-- What to produce --
Only a verbatim restatement of the lines from the one with "Міст на пішоходній зоні руйнується" through the end of the listing below is wanted. Pictures should be left out.

-- Data excerpt --

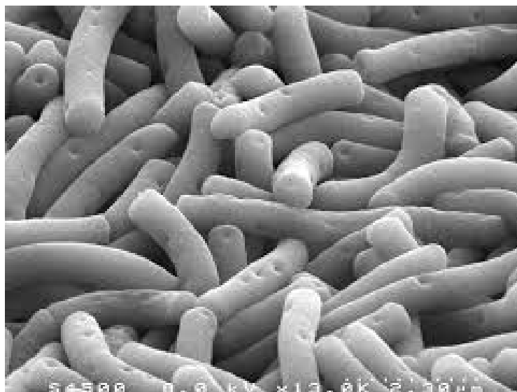
Slika 6. Lactobacillus bulgaricus
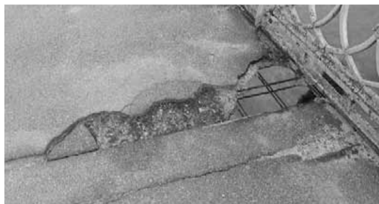
Міст на пішоходній зоні руйнується

— Кількість автобусів на маршруті №1А «вул. Володимира Винничен-
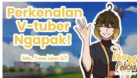
Gambar 5. 2 Video Perkenalan

-- Answer to this task --
Міст на пішоходній зоні руйнується

— Кількість автобусів на маршруті №1А «вул. Володимира Винничен-
Gambar 5. 2 Video Perkenalan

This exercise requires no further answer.